From the first line of the data through the line containing "electric eel wrapped", transcribe each line exactly. Pictures do not belong in the copy.

Start of Records to use

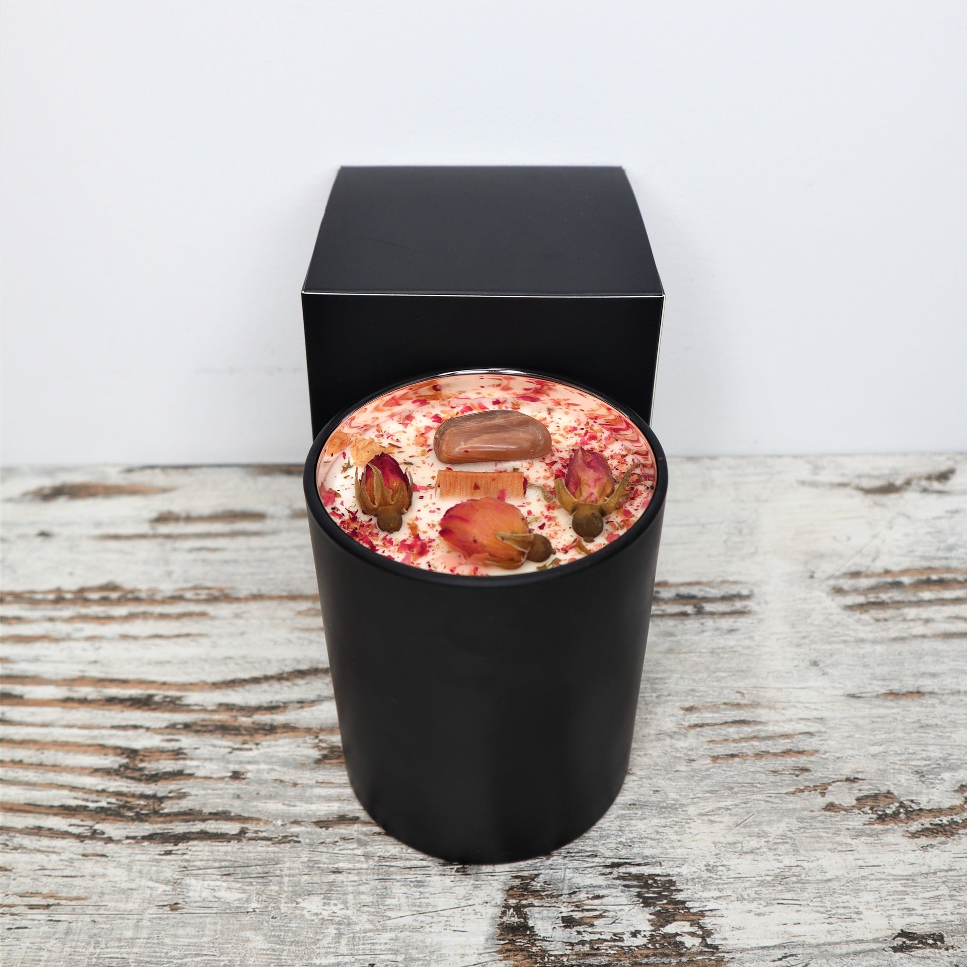Housed in a sleek matte black jar with a metallic rose gold interior, this elegant candle radiates warmth and intention. Its alluring scent weaves together notes of Peach, Strawberry, Lemon, Vanilla, and Musk, creating an atmosphere of sweet serenity and inspiration. Adorned with dried Rose Buds and a luminous Peach Moonstone tumble, this candle is a powerful ally for emotional renewal, confidence, and soft, empowering transformation.
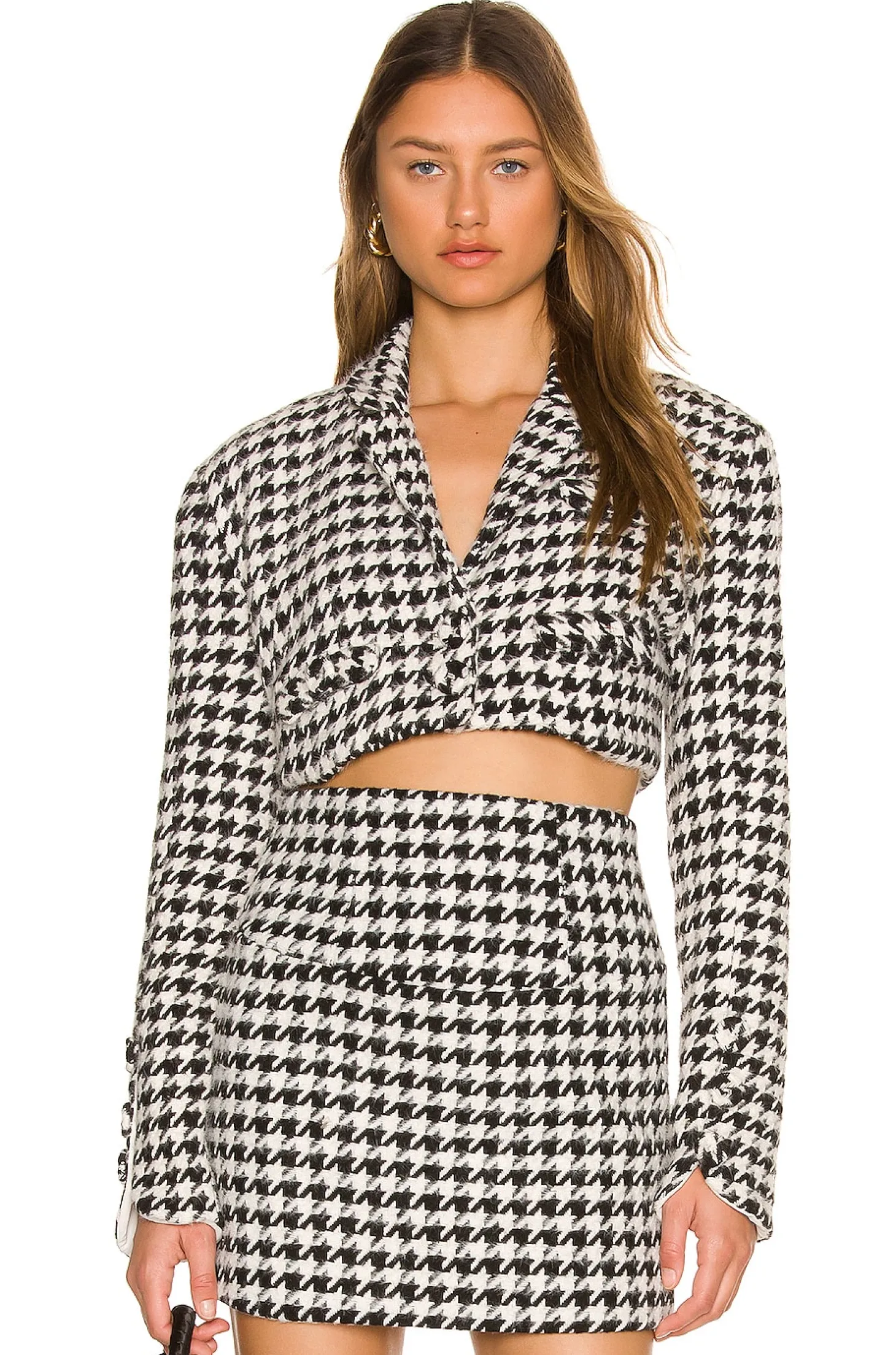 Poly blend.Imported.Dry clean recommended.Front button closure.Front flap pockets.Notched cuffs with faux button closures.Tweed fabric.Item not sold as a set
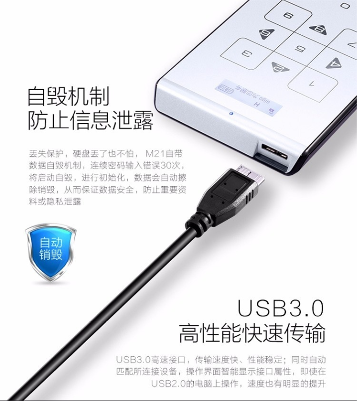 爱国者(aigo)M21 移动硬盘触控式 USB3.0 数字加密
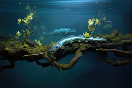 electric eel wrapped around a submerged branch, camouflaged, created with generative ai
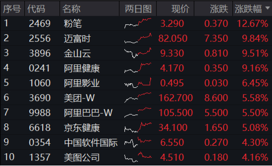 个股方面,科网板块30只成份股23股涨逾1%,13股涨超3%,DeepSeek概念股领涨居前,粉笔喜提两位数涨幅,迈富时、金山云、阿里健康均涨超9%,阿里影业涨超6%,美团、阿里巴巴均涨超5%,快手、腾讯控股涨超2%。
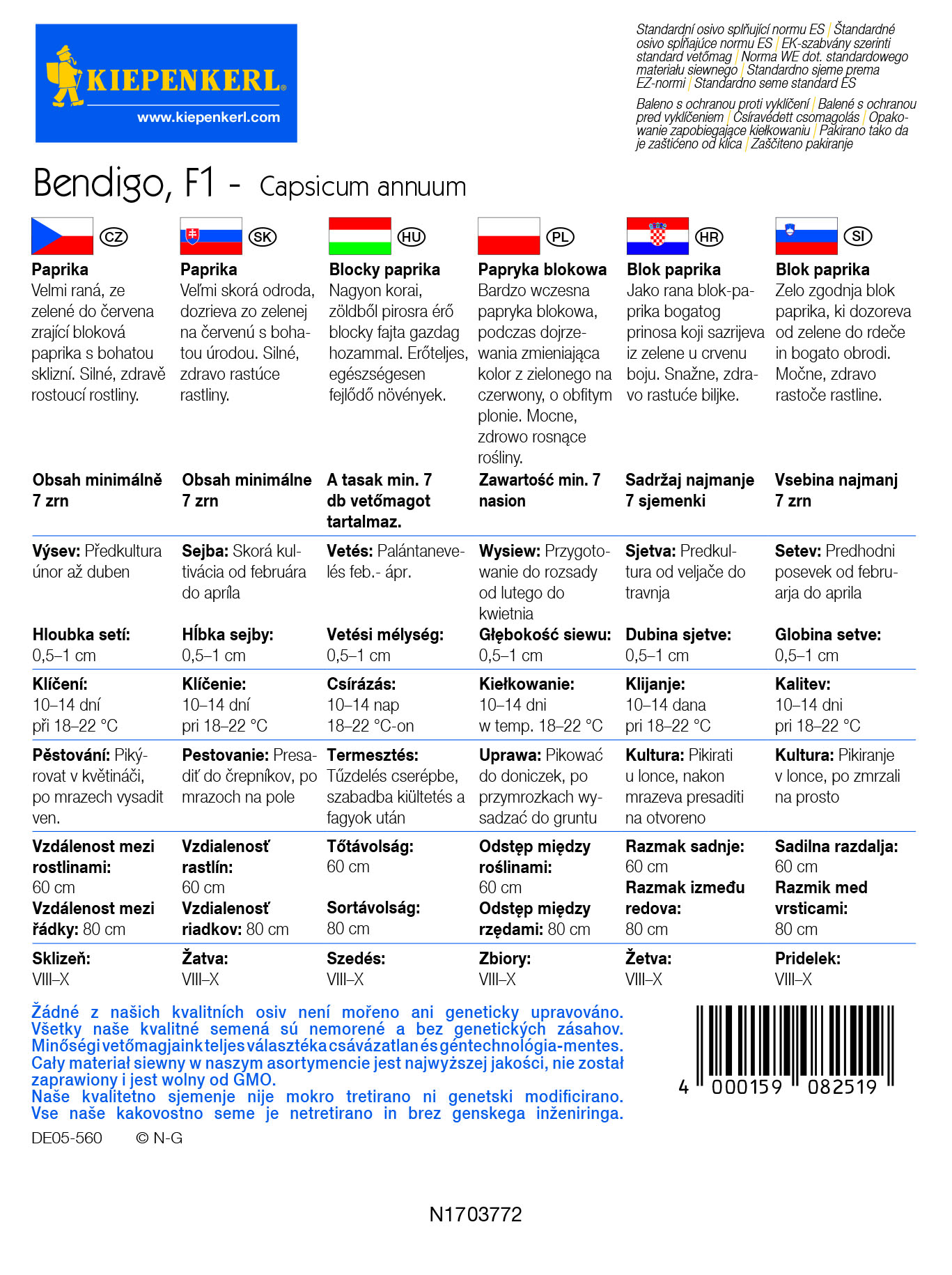Vsebina paketa:1 kos Zelo zgodnja paprika. Med zorenjem spremeni barvo iz temno zelene v rdečo. (7 kosov) Odporna na bolezni.
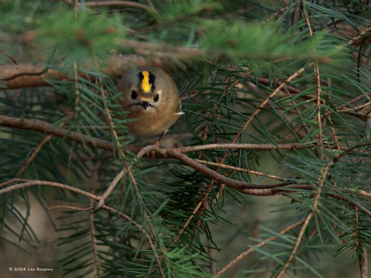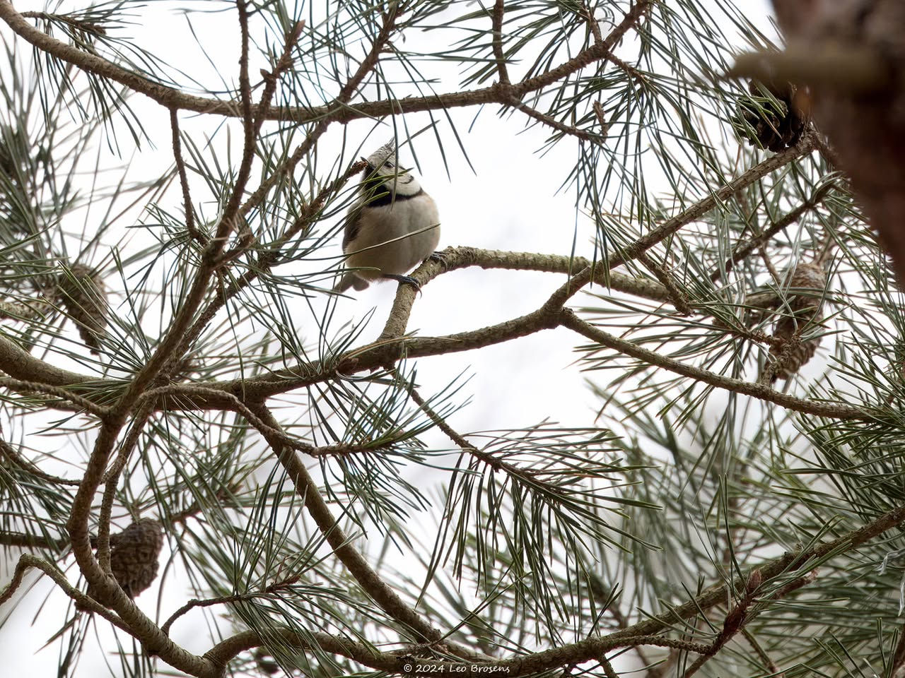 Niet alleen sijsjes zoeken in wintertijd naaldbomen af op iets eetbaars, ook pimpeltjes doen dat. Zo kon ik dit pimpeltje tijdens dat werk vastleggen. Bij goed kijken zag ik dat hij of zij iets aan de haak geslagen had, iets met de snavel te pakken had. Is dat nu een zaadje of een larfje, ze lusten beide nu. Ik denk een larfje, een heel klein rupsje?
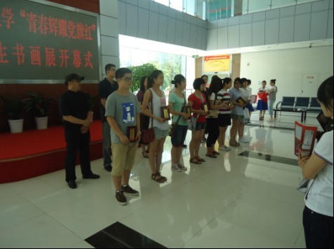 “青春辉耀党旗红”师生书画作品展在安中大楼一楼展厅隆重开幕。校工会常务副主席余雪华、校团委书记周青、校人事处/离退休工作处副处长刘缨和学院党政领导出席开幕式并为获奖学生颁奖。
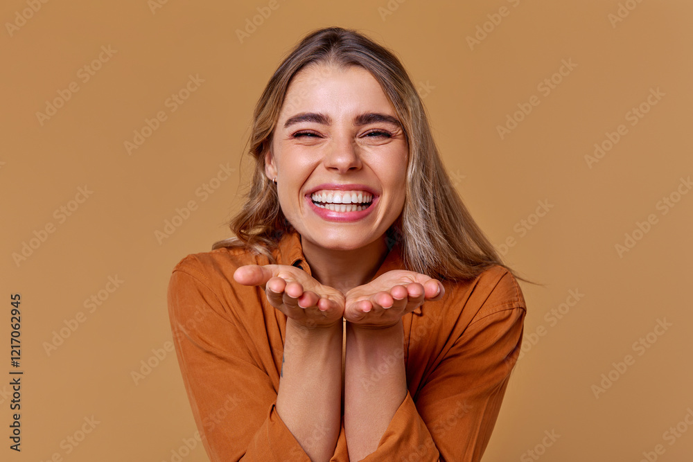 A Cheerful and Joyful Young Woman is Sending a Kiss Against a Warm, Inviting Background
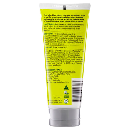Thursday Plantation’s Tea Tree Antiseptic Cream for minor cuts & abrasions relieves skin irritations and symptoms of insect bites & stings.
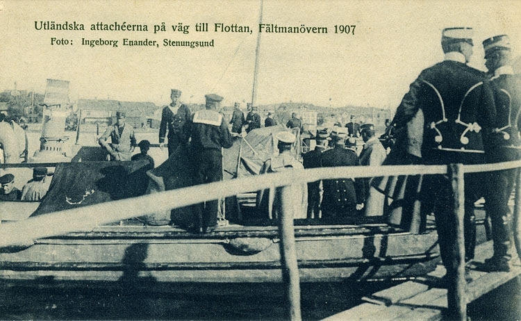 Enligt Bengt Lundins noteringar: "Från"Kriget" i Bohuslän 1907. Utländska Attachéerna på väg till Flottan, Fältmanövern 1907".
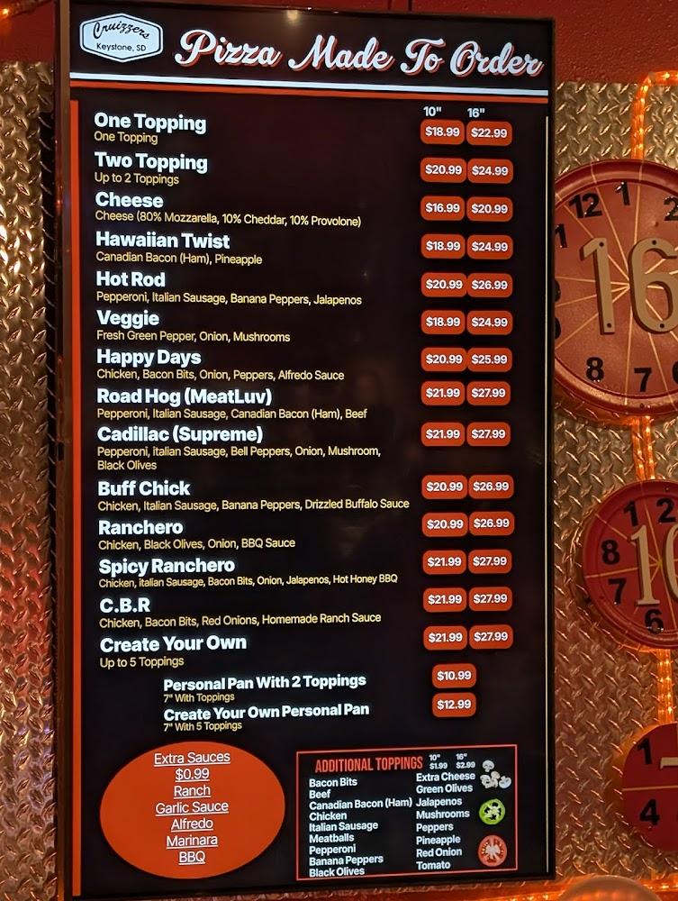 Welcome to Cruizzers, your go-to pizzeria nestled in the heart of Keystone, SD. Managed by a proud veteran and a dedicated woman, we offer a warm, inclusive atmosphere for everyone, including families and the LGBTQ+ community. Enjoy our delicious, traditional pizza and simple dishes alongside a variety of local brews and fine wines. With accessible seating, a charming patio, and options for takeout or delivery, we cater to every occasion. Whether you're indulging in our famous ranch sauce or savoring gluten-free options, Cruizzers promises a memorable dining experience. Join us for lunch or dinner and relish our inviting ambiance!

End of Records to use

*Solution to this problem*.
Housed in a sleek matte black jar with a metallic rose gold interior, this elegant candle radiates warmth and intention. Its alluring scent weaves together notes of Peach, Strawberry, Lemon, Vanilla, and Musk, creating an atmosphere of sweet serenity and inspiration. Adorned with dried Rose Buds and a luminous Peach Moonstone tumble, this candle is a powerful ally for emotional renewal, confidence, and soft, empowering transformation.
 Poly blend.Imported.Dry clean recommended.Front button closure.Front flap pockets.Notched cuffs with faux button closures.Tweed fabric.Item not sold as a set
 爱国者(aigo)M21 移动硬盘触控式 USB3.0 数字加密
 electric eel wrapped around a submerged branch, camouflaged, created with generative ai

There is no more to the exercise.